§ WHAT IS BEING ASKED: There should be no pictures in your answer, only an exact copy of the lines from the one with "我们有一维,它的特点是意识在" through the end of the material.

§ INFORMATION PROVIDED:
++++++++++++++++++++
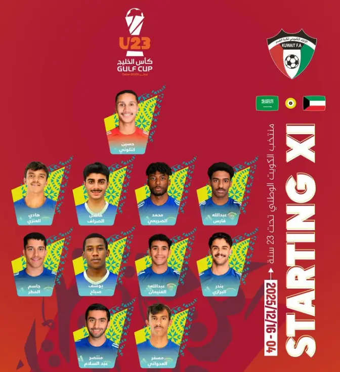 مع العلم أن مباراة الكويت والسعودية في كأس الخليج تحت 23 عاما، تبدأ في الساعة الثالثة إلا الربع ظهر اليوم الاثنين.
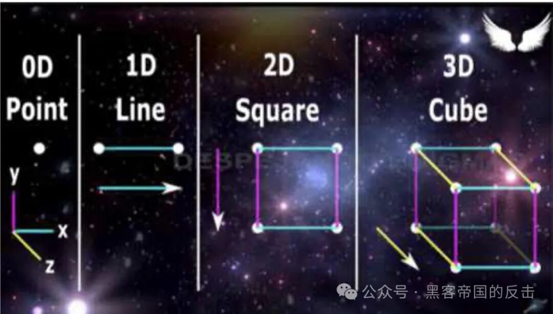 我们有一维,它的特点是意识在这个层面上只是存在,它就在那里,仅此而已。然后是二维。意识是存在的,它只是存在,但它开始感知到有些东西并不属于它自己。理解了这一点,线性就开始了。三维,我们理解了存在,理解了事情的发生,理解了深度。这与一个图形有关:
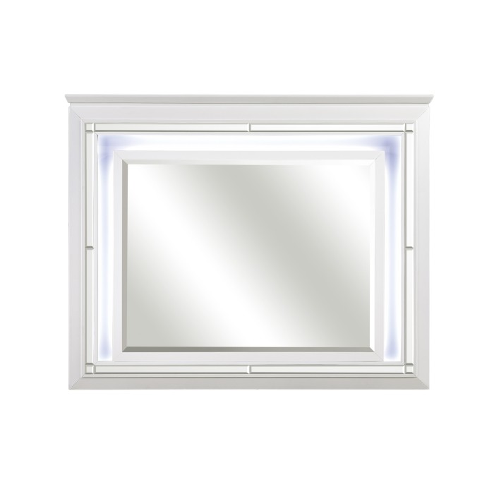 Glamour reigns in the design of the Allura Collection. The silver finish of the mirror frame is enhanced with decorative beveled mirror accents that reflect the illumination of the touch-engaged LED back-light.
++++++++++++++++++++
§ EXERCISE RESULT:
 我们有一维,它的特点是意识在这个层面上只是存在,它就在那里,仅此而已。然后是二维。意识是存在的,它只是存在,但它开始感知到有些东西并不属于它自己。理解了这一点,线性就开始了。三维,我们理解了存在,理解了事情的发生,理解了深度。这与一个图形有关:
 Glamour reigns in the design of the Allura Collection. The silver finish of the mirror frame is enhanced with decorative beveled mirror accents that reflect the illumination of the touch-engaged LED back-light.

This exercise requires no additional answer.